Ela balançou a cabeça, as tranças de pontas douradas tilintaram. No sol do início da manhã, a pele avelã de Nehemia era macia e linda. Sinceramente, era um pouco injusto que a princesa fosse tão bonita naturalmente, ainda mais ao amanhecer.
Nehemia continuou:
— Acho que tal honra sumiu de Adarlan há gerações, mas antes de Terrasen cair, sua corte real era aquela que estabelecia o exemplo. Meu pai me contava histórias da corte de Terrasen, dos guerreiros e lordes que serviam o rei Orlon em seu círculo íntimo, do poder, da coragem e da lealdade incomparáveis da corte dele. Foi por isso que o rei de Adarlan atacou primeiro Terrasen. Porque era a mais forte e porque, se Terrasen tivesse a chance de levantar um exército contra ele, Adarlan teria sido aniquilada. Meu pai ainda diz que se Terrasen se erguesse novamente, poderia ter uma chance; seria uma ameaça genuína a Adarlan.
Celaena olhou para a lareira.
— Eu sei. — Foi o que conseguiu dizer.
Nehemia se virou para olhar para ela.
— Acha que outra corte como aquela poderia se erguer novamente? Não apenas em Terrasen, mas em qualquer lugar? Ouvi que a corte em Wendlyn ainda segue os velhos costumes, mas estão do outro lado do oceano, e não nos ajudariam em nada.

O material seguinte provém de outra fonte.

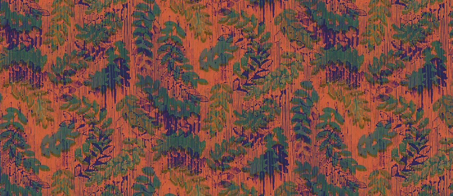 Motivul Rameaux recreează spiritul unei tapiserii cu efect uzat, sporit de modernitate prin acorduri de culori vibrante și uneori acide.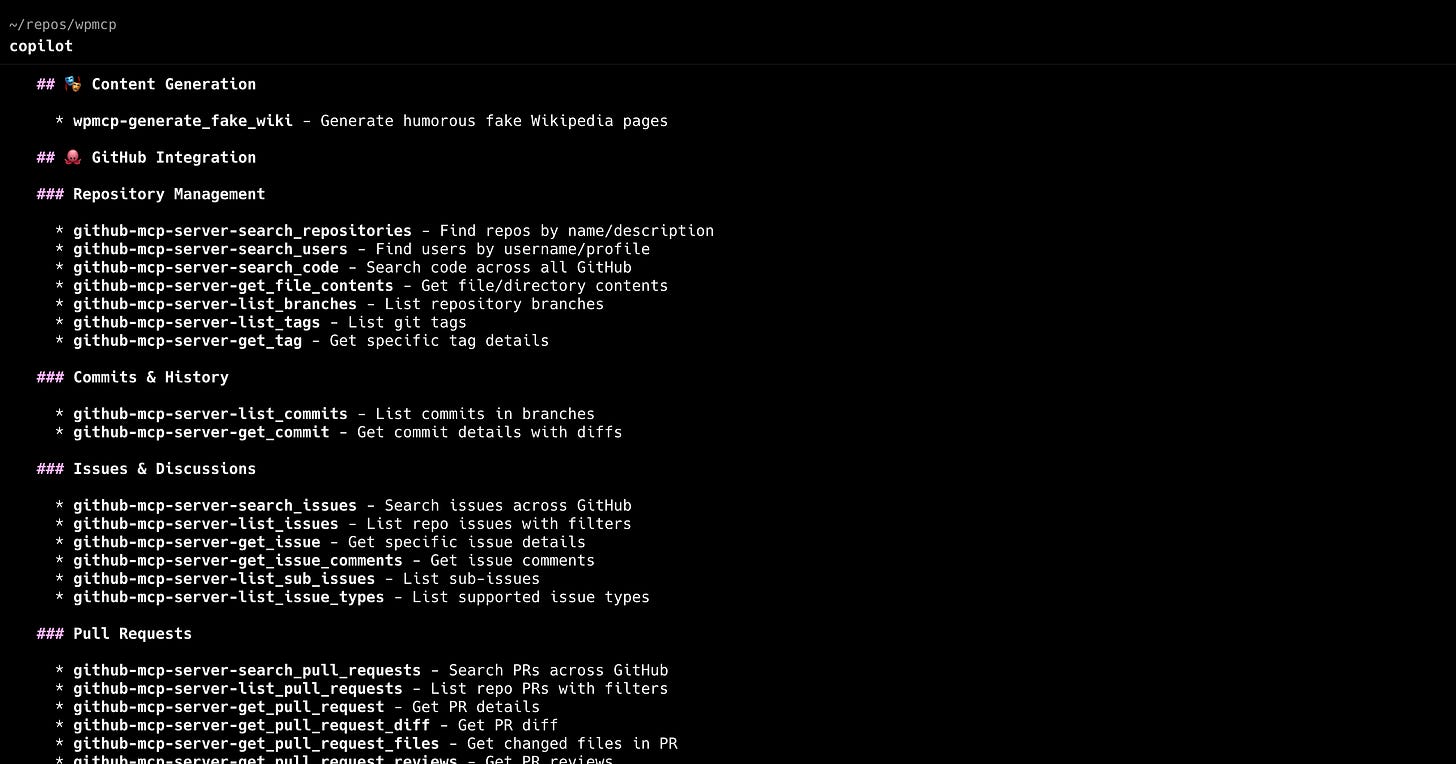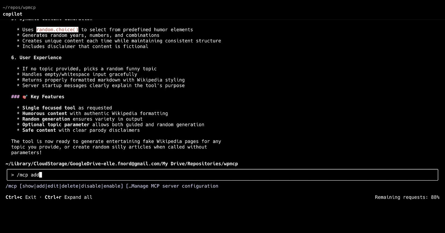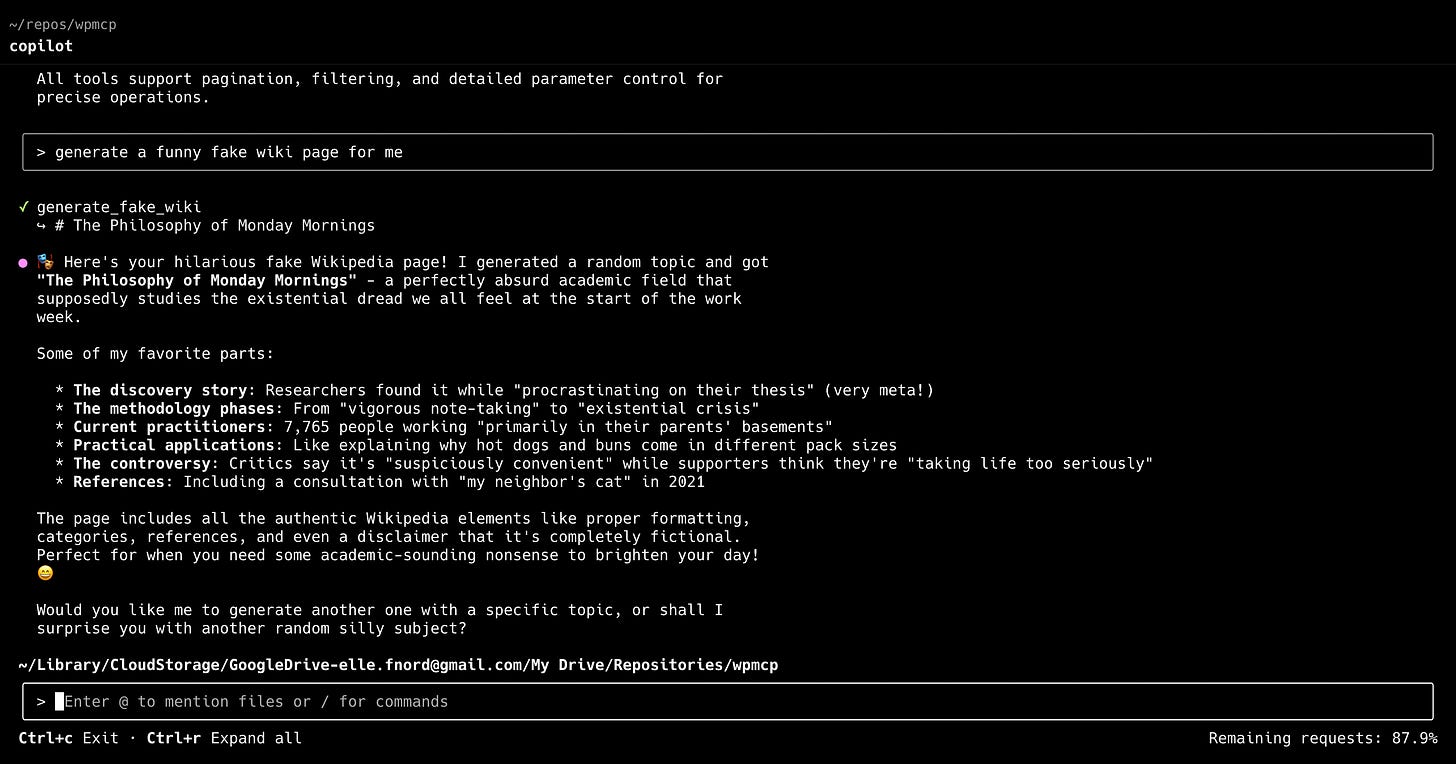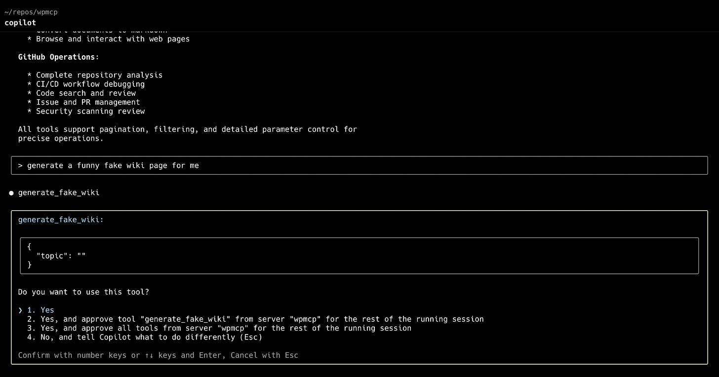 With my custom server registered, I gave the final prompt: “Generate a funny fake wiki page for me.” As expected, the agent called the new tool from my local MCP server and presented the generated content directly in the terminal.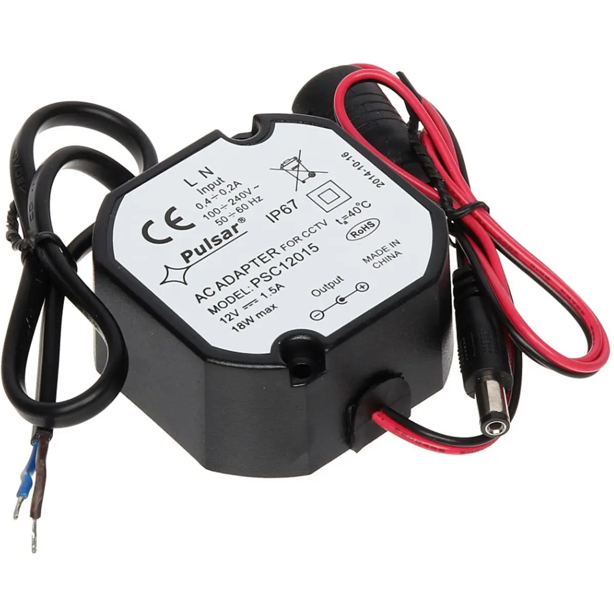 A fonte de alimentação comutada destinada a caixas de embutir fornece 12 V DC a 1,5 A, com uma potência de 18 W e uma única saída. Possui caixa de plástico, conectores de alimentação 2.1/5.5 mm e grau de proteção IP67, adequada para instalação em ambientes interiores ou exteriores protegidos. Com dimensões compactas (58 x 58 x 28 mm) e peso de 0,16 kg, funciona entre 0 °C e 40 °C e inclui proteções contra curto-circuito e sobrecarga.
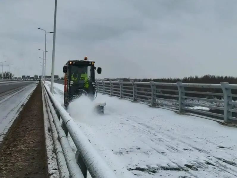 26日0點0時,撫順項目在風雪寒夜中啟動抗冰除雪“零點行動”,近700人嚴陣以待,73臺除雪車輛整裝待發(fā),以雪為令、聞雪而動,主干道大型除雪車火力全開,快速清除路面積雪;輔道和狹窄路段運用小型手扶式掃雪機高效清理,連續(xù)奮戰(zhàn)15小時,疏通道路140公里,清除積雪1500余噸,保障道路暢通無阻。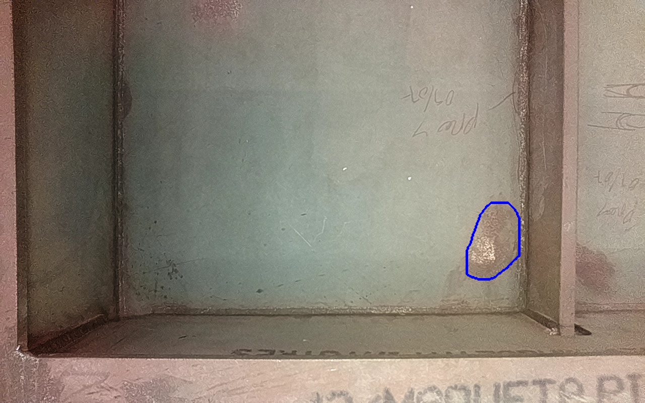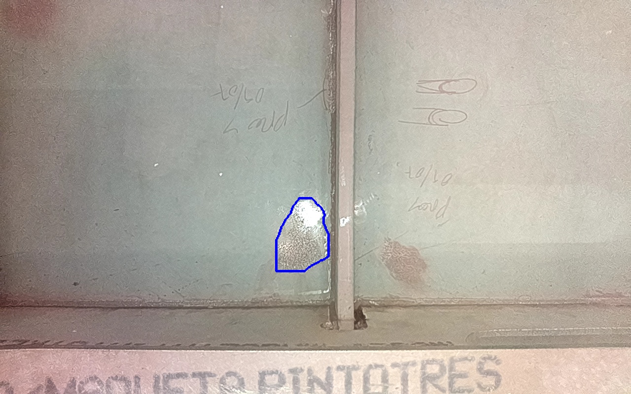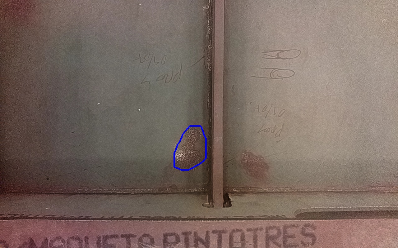 Rayaduras o zonas de metal expuestas con productos de óxido débilmente adherido.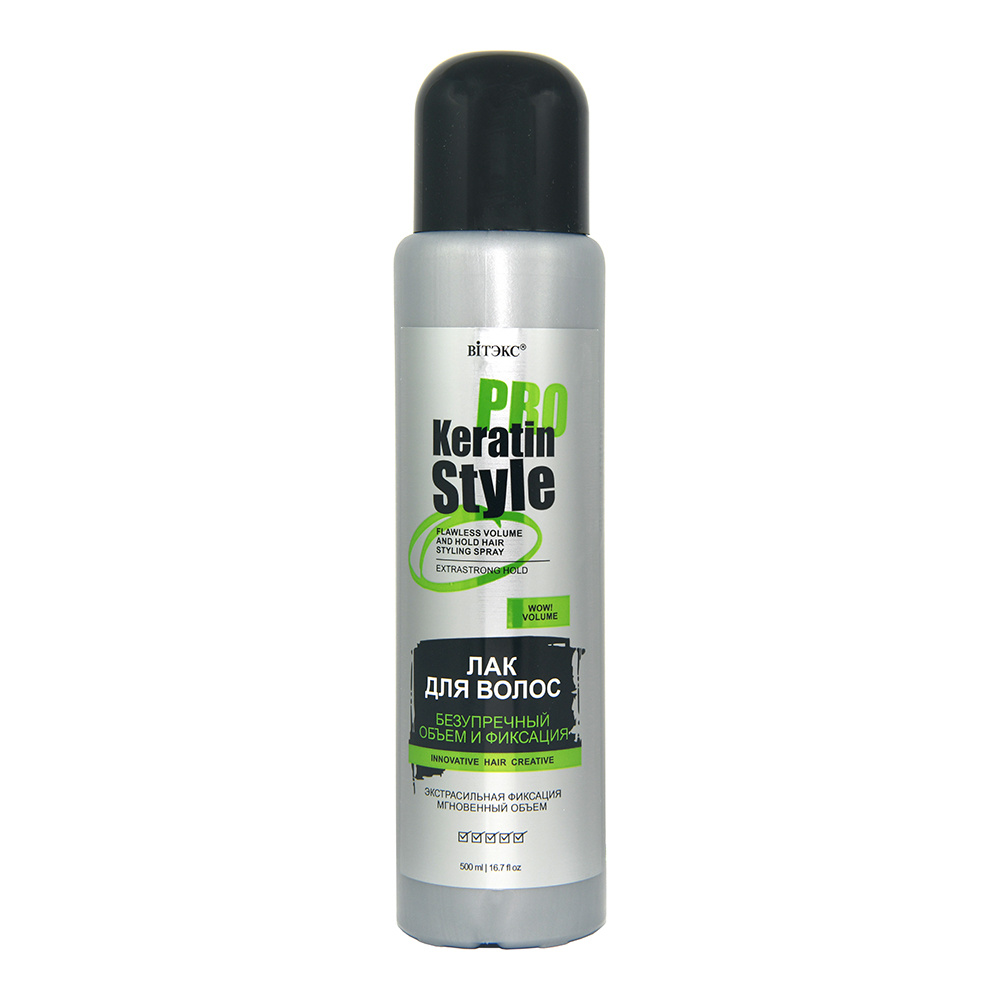 Лак для волос Biтэкс KERATIN PRO Style безупречный объем и фиксация, запасной блок, экстрасильная фиксация, 500 мл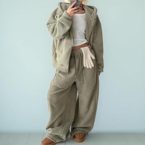 [신상오픈런]여성용 겨울 양털 후드집업 루즈핏 와이드팬츠 세트 (44011875)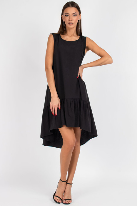 Низ переда и спинки оформлен фигурной линией с притачным воланом.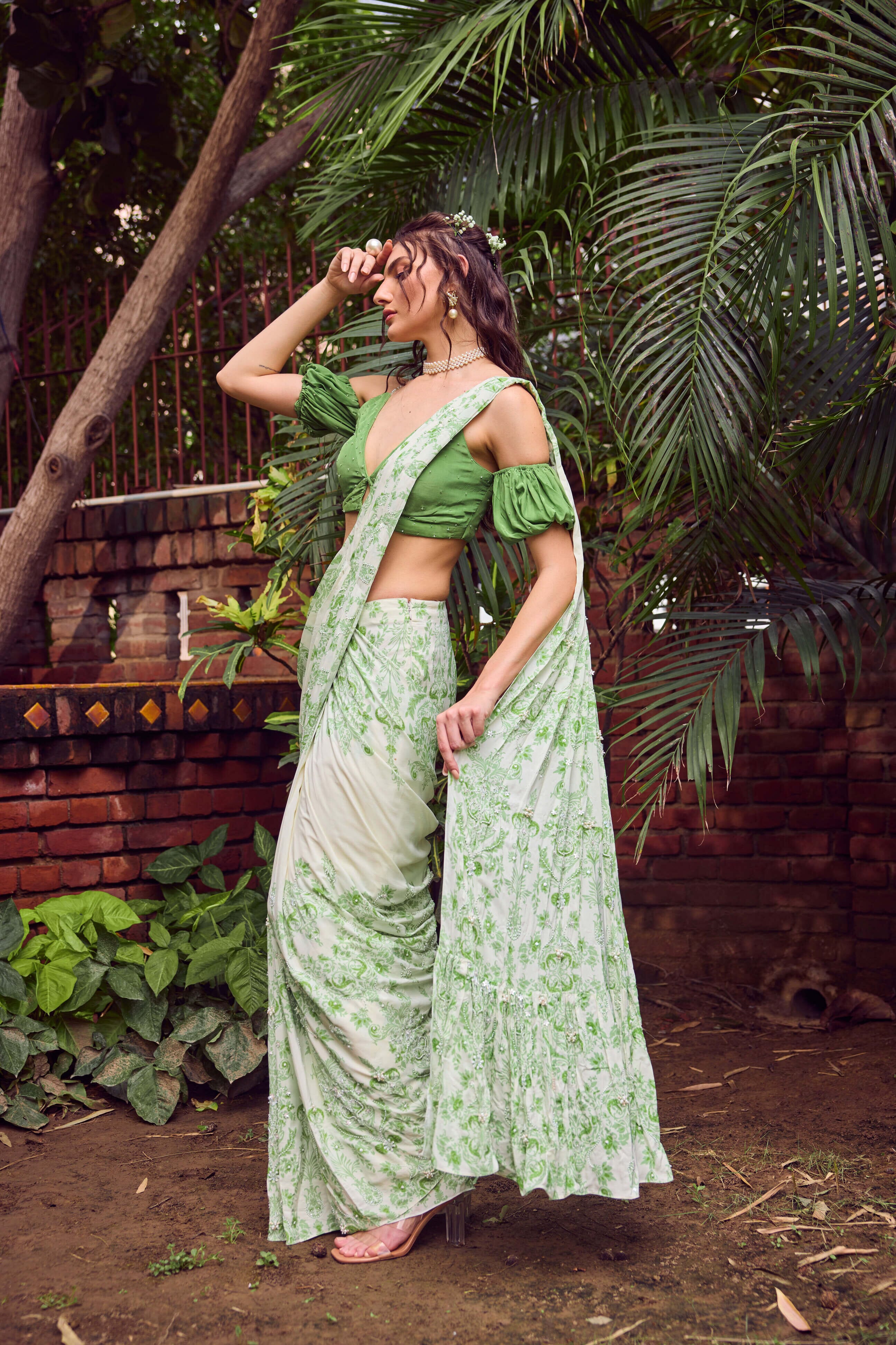 This ensemble has our classic pearl highlight on the print detailing complimenting linear artwork perfectly juxtaposed together exhibiting impeccable couture craftsmanship. This outfit is a perfect fit to dance away the cocktail night or hit the reception party!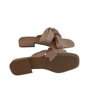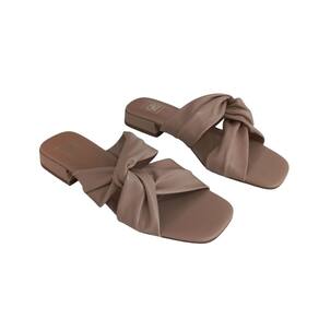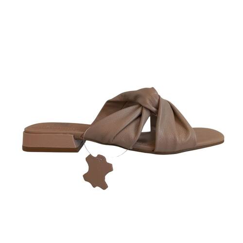Sandália Rasteira Slide QR Shoes Nude Tiras Largas Nó Conforto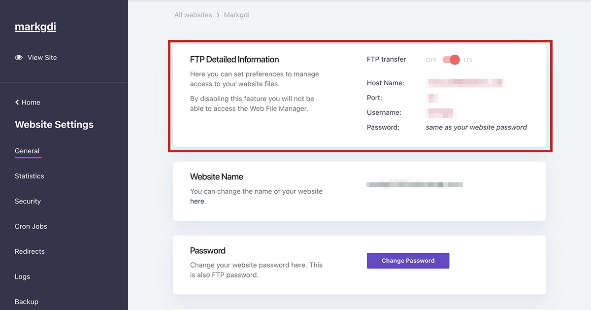第二種方式是使用 FTP 軟體進行檔案上傳,如 FileZilla。點選左邊選單中的 Website Settings > General,畫面中的 FTP Detailed Information 就是 FTP 連線資訊。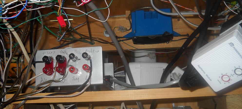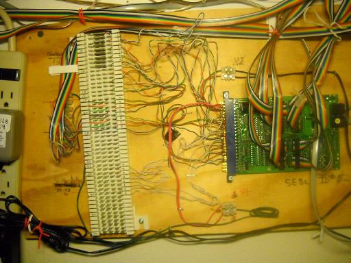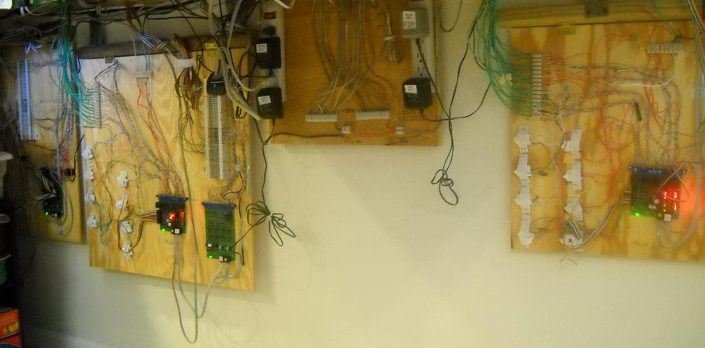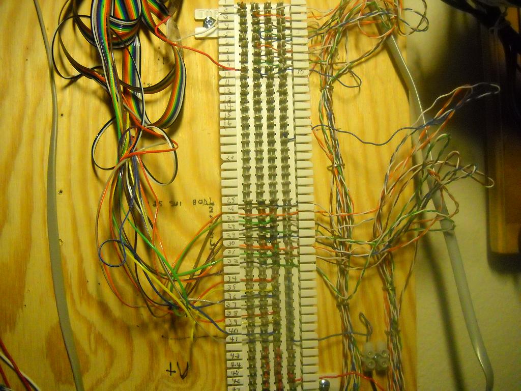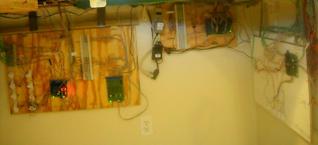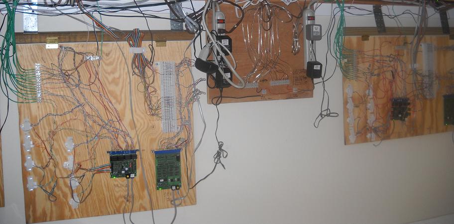 Se8C ID #5 is driving 8 Turnout Tortoises (left top), 8 occupancy sensors (left, center) and 32 signal heads (right, multi-color cables).

Viraram o rosto enquanto o rei escravizava nossas terras, e ainda negam qualquer chamado por ajuda.
Celaena se obrigou a rir de deboche, a gesticular com desdém.
— Esta é uma discussão muito pesada para o café da manhã. — Ela encheu a boca de torrada. Quando ousou olhar para a princesa, a expressão de Nehemia permanecia contemplativa. — Alguma novidade sobre o rei?
Nehemia estalou a língua.
— Apenas que acrescentou aquele vermezinho, Roland, ao conselho, e o lorde parece ter recebido a tarefa de cuidar de mim. Aparentemente, ando muito insistente com o ministro Mullison, o conselheiro responsável por cuidar do campo de trabalhos forçados de Calaculla. Roland deveria me aplacar.
— Não sei se me sinto pior por você ou por Roland.
Nehemia deu um soco de mentira na lateral de Celaena, que riu, afastando a mão da princesa. Ligeirinha usou a distração temporária das duas para roubar um pedaço de bacon da bandeja, e Celaena gritou:
— Sua ladrazinha descarada!
Mas Ligeirinha saltou da cama, se aninhou diante da lareira e encarou a dona enquanto engolia o restante do bacon.
Nehemia riu, e Celaena se pegou juntando-se à princesa antes de jogar mais um pedaço de bacon para a cadela.
— Vamos ficar o dia todo na cama — falou Celaena, se atirando de volta nos travesseiros e se aninhando nas cobertas.
— Eu certamente queria poder — respondeu Nehemia, suspirando alto. — Infelizmente, tenho coisas a fazer.
E Celaena também tinha, ela percebeu. Como se preparar para o jantar com Archer naquela noite.